In 1989, Wanda Glenn's heart suddenly stopped. Glenn v. MetLife, 461 F.3d 660, 663 (6th Cir. 2006). Medical doctors resuscitated her and surgically implanted a defibrillator. Id. In 1994, Glenn began working as a sales manager for Sears, Roebuck and Company ("Sears"). Brief for Petitioner at 3. However, in 2000, Dr. Rajendra Patel diagnosed her with an enlarged and weakened heart. Brief for Petitioner at 3. Dr. Patel advised her to stop working and referred her to a specialist to determine whether her condition necessitated a heart transplant. Glenn, 461 F.3d at 663.

Glenn filed a disability claim with the Sears Long Term Disability Plan ("Plan"), administered by Metropolitan Life Insurance Company ("MetLife"). Brief for Petitioner at 3-4. Metlife decided that Glenn was eligible to receive benefit and began payments. Id. at 5. Two months later, MetLife directed Glenn to file for Social Security benefits. Glenn, 461 F.3d at 663. An administrative judge found Glenn totally disabled and began payments. Id. Because the Plan reduced MetLife's payments by whatever Social Security benefits a plan beneficiary was eligible, Glenn reimbursed MetLife the amount due. Id.; Brief for Petitioner at 6.

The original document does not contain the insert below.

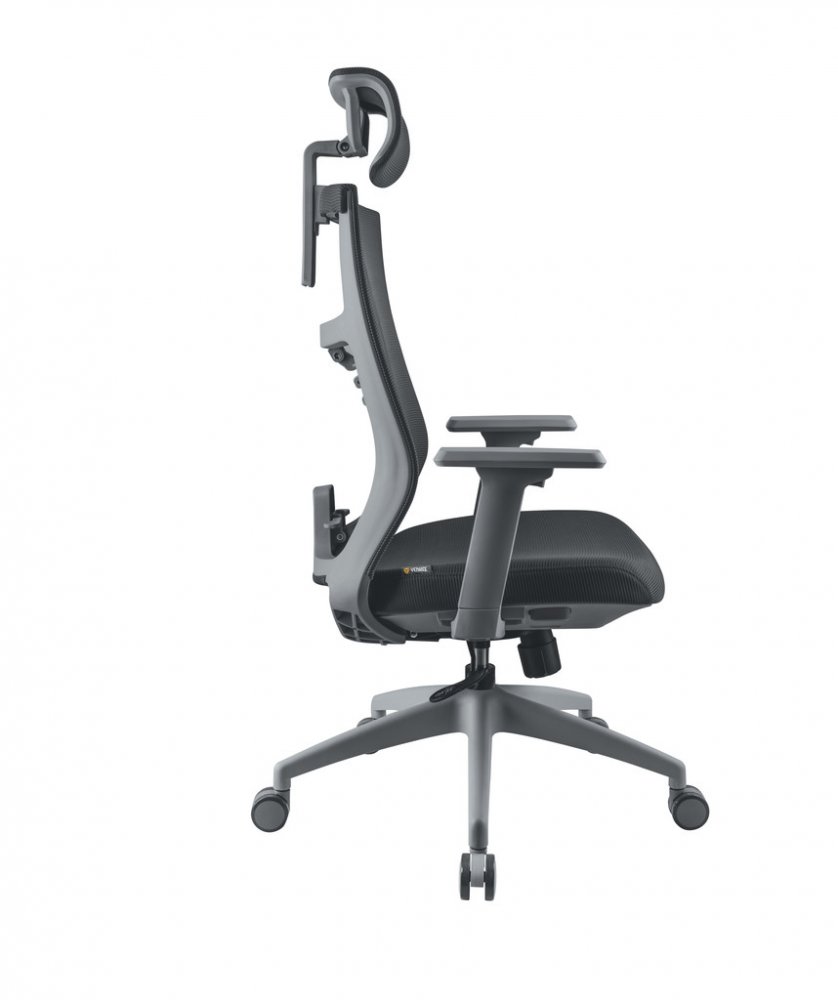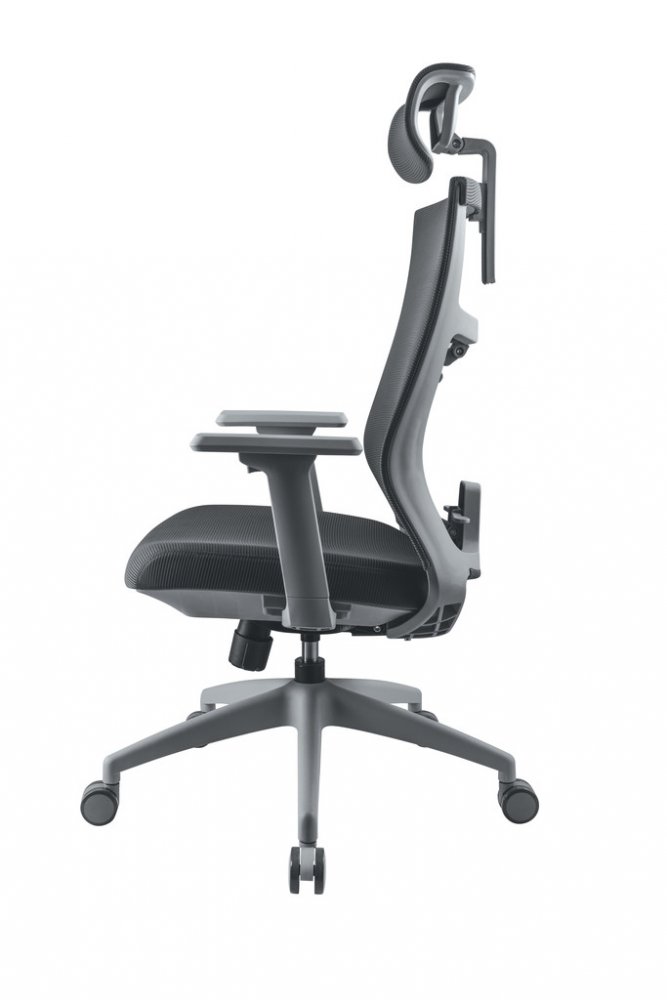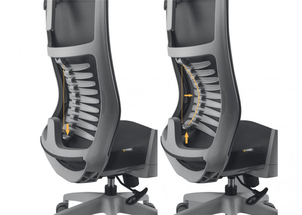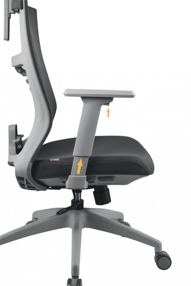 Kancelářská židle FISHBONE svou konstrukcí, výběrem materiálů a designem podporuje správné sezení, nabízí absolutní komfort a vizuálně zpříjemňuje vaše pracovní, studijní nebo herní prostředí. Židle je vybavena mechanismem, který zajišťuje synchronní naklápění opěradla a sedáku. Tato funkce umožnuje nejen nastavení opěradla do optimálního úhlu, ale také naklápění sedáku při houpání, čímž neustálé udržuje správný úhel mezi opěradlem a sedákem. Aretace náklonu a nastavení výšky sedu se ovládají páčkou na pravé straně sedáku, pod kterým je zároveň umístěna i otočná regulace tuhosti houpání. Samotnou kapitolou je FISHBONE konstrukce bederní opěry, kterou tvoří devět dvoukřídlých zádových podpěrek. Nastavitelná opěra nabízí čtyři úrovně přítlaku na bederní část a poskytuje tak komplexní oporu páteře a zádového svalstva. Bederní opěra je potažena síťovinou, čímž se zvyšuje vzdušnost a brání přehřívání a pocení dotykových partií těla. Ramenní část opěry je rovná a zajišťuje dostatek místa a komfortu. Robustní sedák je vyplněný studenou pěnou a je potažen kvalitním čalouněním, které je příjemné na dotyk a snadno udržovatelné. Rozměry a tvar sedáku zaručují správné podepření dolních končetin a stejně jako i bederní opěrka, zaručuje dostatek místa a komfortu bez ohledu na tělesné proporce uživatele. Anatomicky tvarovaná a výškově a úhlově nastavitelná hlavová opěrka zaručuje absolutní komfort pro uživatele s různou výškou postavy. Opěrka je potažena síťovinou pro lepší vzdušnost a podepření v oblasti krční páteře. Loketní opěrky jsou měkčené a nastavitelné. Lze nastavit jejich výšku, úhel a hloubku a dosáhnout tak optimální polohy předloktí a ramen pro pohodlné sezení bez ohledu na výšku uživatele anebo pracovní plochy. Odolný nylonový kříž v kombinaci s univerzálními kolečky vhodnými pro všechny druhy povrchů zaručují vysokou mobilitu, spolehlivost a dlouhou životnost. Židle je certifikovaná na nosnost do 120 kg a je vhodná pro uživatele výšky 150 až 200 cm.

Under the Plan, Sears employees receive sixty percent of their salary if they become totally disabled. Brief for Petitioner at 3. During the initial two years of payment, a person is considered "totally disabled" if she cannot "perform the material duties of [her] own job." Id. After two years, a stricter definition applies: she must be "totally incapable of performing the material duties of any gainful occupation for which [she is] reasonably qualified." Id. at 7-8.

In 2002, MetLife requested that Dr. Patel evaluate her ability to work. Brief for Petitioner at 8. Dr. Patel determined that Glenn could perform sedentary work but restricted her from work-induced stress. Id. MetLife informed Glenn that since her condition did not meet the stricter definition of "total disability," the company would terminate benefits payments at the end of the initial two-year period. Id. at 9.

Glenn appealed MetLife's decision, submitting a letter from Dr. Patel stating that she should not return to even a sedentary job because the stress would worsen her condition. Glenn, 461 F.3d at 665. At MetLife's request, an independent physician examined Glenn's records and suggested that do sedentary work on a trial basis. Id. Citing that report, MetLife made a final denial of Glenn's claim. Id.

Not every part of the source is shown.